PANDEMİ VE OKULLU TOPLUMU: MEMLEKETİN ÜÇTE BİRİNİ İPTAL ETMEK

PANDEMİ VE OKULLU TOPLUMU: MEMLEKETİN ÜÇTE BİRİNİ İPTAL ETMEK

Bir ülkede kadın-erkek, çalışan-çalışmayan zümrelerinden sonra üçüncü büyük zümrenin “okullu topluluğu” olduğu rahatlıkla ifade edilebilir. Geçen yıl itibariyle ana sınıfı ve okullarda yaklaşık 18 milyon 108 bin, üniversitelerde 8 milyon 714 bin öğrenci,  946 bin öğretmen, 82 bin MEB’de personel,  yükseköğretimde 166 bin akademik personel ve tahmini 300 bin idari, işçi ve diğer personel çalışmaktadır. Bunları toplarsak 28 milyon 300 bin civarında öğrenci ve personel topluluğu bulunmaktadır.

Bu sayılara yaygın eğitim gören 10 milyon 783 bin kişi ve destek veren servis, ulaşım, kırtasiye, yurt çalışanları vb. dahil değildir.

Salgın nedeniyle okulları açmamak tek bir kalemde ve bir çırpıda topluluğun üçte birini başka bir hale geçirmektir. Anne babalarla çalışanların eş ve çocuklarını dahil edersek hemen tüm toplumu başka bir hale geçirmektir. Dünyanın geleceğini başka bir hale geçirmektir.

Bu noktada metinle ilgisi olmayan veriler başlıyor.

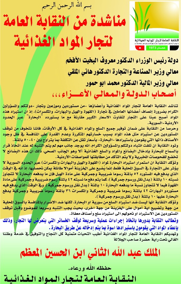 - النقابة تطالب اعفاء جميع السلع الغذائية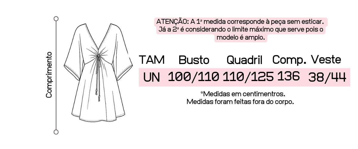 Recomendamos que tenha em mãos suas medidas de busto, cintura e quadril para que possa fazer a comparação com as medidas da peça, pois cada uma tem suas medidas tiradas exclusivamente.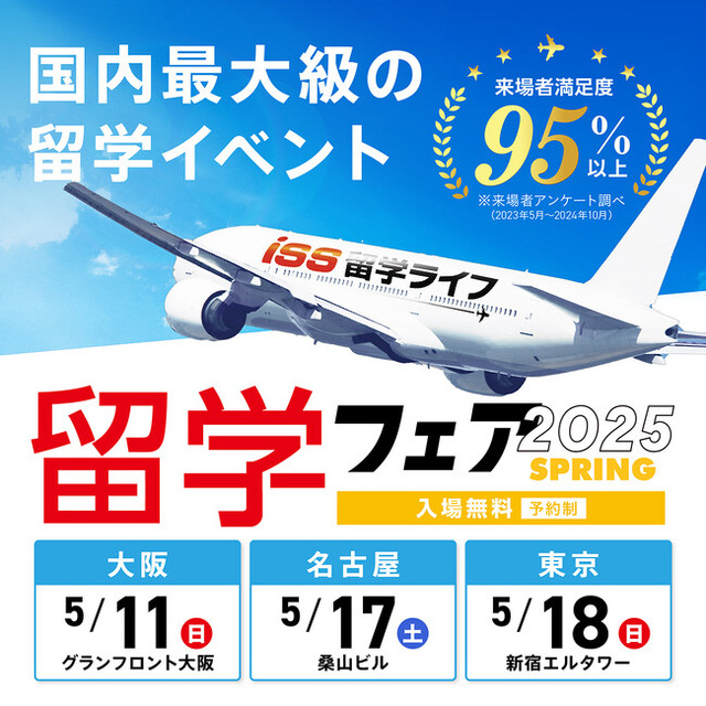 株式会社増進会ホールディングス(Z会グループ)のグループ会社で、留学エージェントの「ISS留学ライフ」(運営会社:株式会社国際交流センター、本社:東京都新宿区、代表取締役社長:石谷雄也)は、2025年5月11日(日)大阪、5月17日(土)名古屋、5月18日(日)東京で、留学フェアを開催します。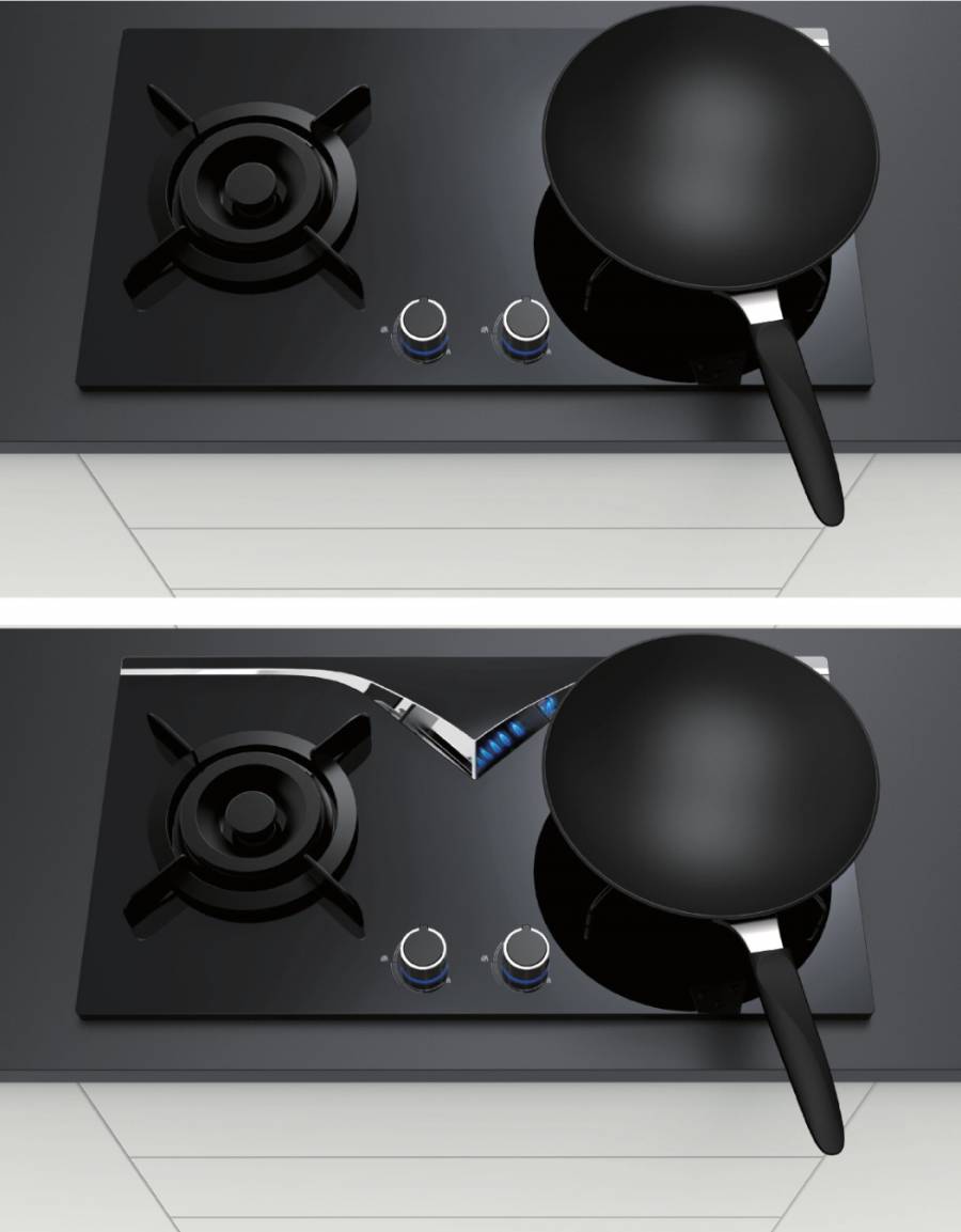当我们把锅放在普通的炉灶上,一般需要弯腰才能查看火焰的大小。而这款55°mirrorhob燃气灶一个小的设计细节提升了用户体验,它在两灶台之间增加了一个V型的反光条,这个反光条可以将你观察火焰的视线不再被炉上的锅所遮挡,而是直接可以从反光条中查看。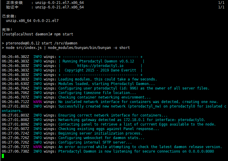 首先创建目录,用于存放程序和服务器数据,创建后进入daemon目录,开始安装后端
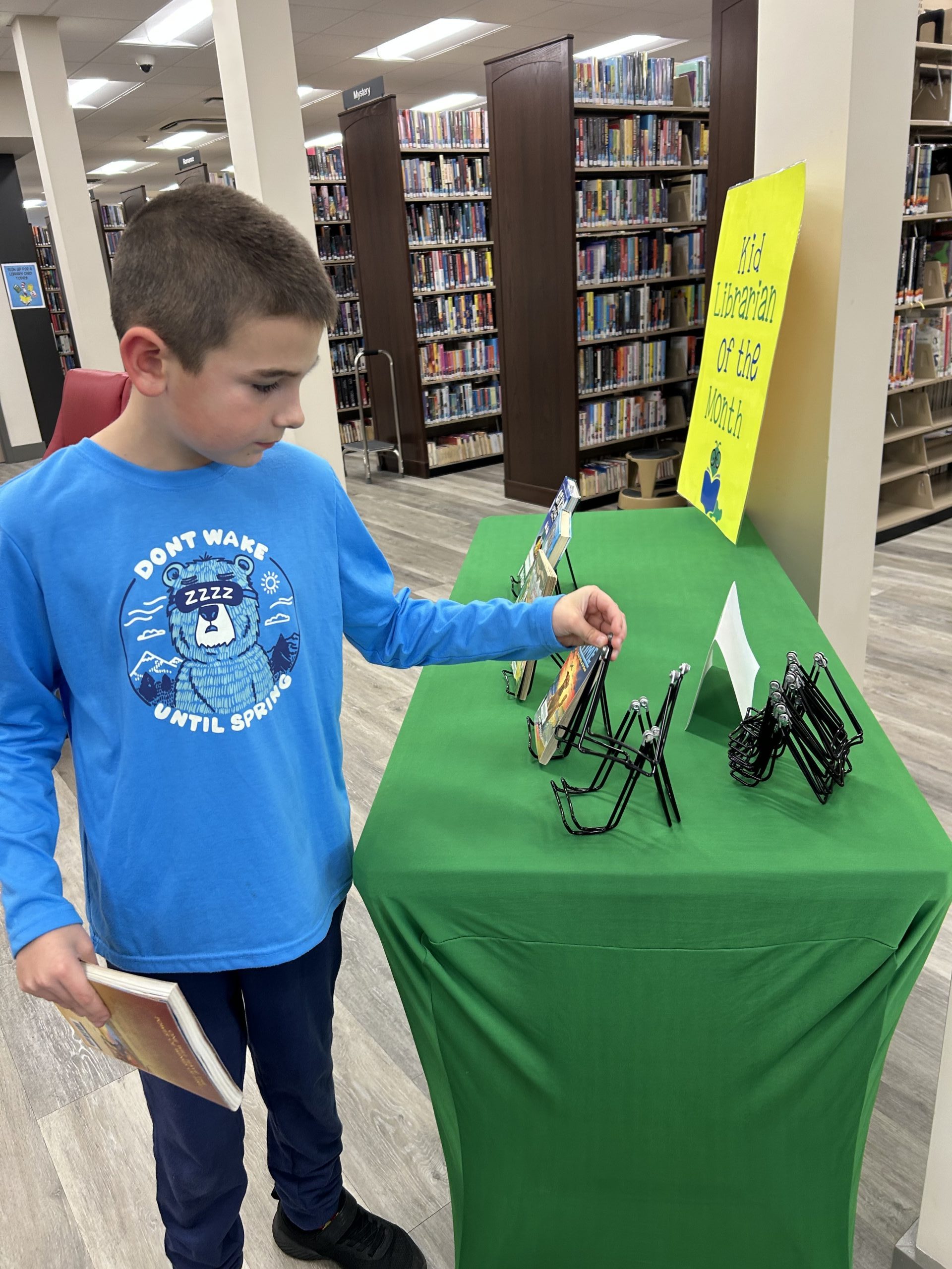 Kid Librarians are chosen monthly to design a juvenile display at the library. Each Kid Librarian may choose a theme for their display, select library materials to highlight and decide how to organize and best show off the chosen titles. New Kid Librarians are selected each month for each library branch (Harbin Memorial and Central City).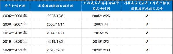 而根據(jù)有條件的年報(bào)強(qiáng)制披露規(guī)定,滿足條件的上市公司每年1月底之前需要提前發(fā)布年度業(yè)績(jī)預(yù)告,一般越臨近1月底,披露才越密集。但從牛市年份春季躁動(dòng)的啟動(dòng)時(shí)間來(lái)看,通常不會(huì)等到強(qiáng)制披露的年報(bào)落地再啟動(dòng),科技成長(zhǎng)的啟動(dòng)亦是如此,一般在1月初前后便啟動(dòng)。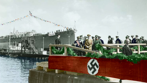 Horthy Miklós kormányzó Kielben. Fent a PRINZ EUGEN nehézcirkáló vízrebocsátásakor

BİR ÖRNEK: HARİTAYA BAKMA GÜNLÜK 28 MİLYON AZALACAK


Öğrenci ve çalışan 28-29 milyon kişilik okul ve üniversite topluluğunu tatil etmenin veya uzaktan öğretime geçirmenin etki ve sonuçlarını nasıl hesaplayacağız? Zor bir soru. Bunun için çok araştırma yapmak gerekiyor.

Bunun etki ve sonuçlarını araştıran ve hesaplamaya uğraşan kaç kişi vardır, MEB ve YÖK hiç hesap yapıyor mu, bilemiyorum, ama çok basit bir örnek vereyim. Okullarda koridor veya sınıf duvarlarında Türkiye haritası genellikle görünür bir yerde olur. Öğrenciler farkında ve farkında olmadan bir günde onlarca, belki yüzlerce kez bu haritalarla karşılaşır. Günde bir kez haritaya bakıldığını kabul etsek okullar kapalı olduğunda günlük 28 milyon kez daha az haritaya bakılmış olacak.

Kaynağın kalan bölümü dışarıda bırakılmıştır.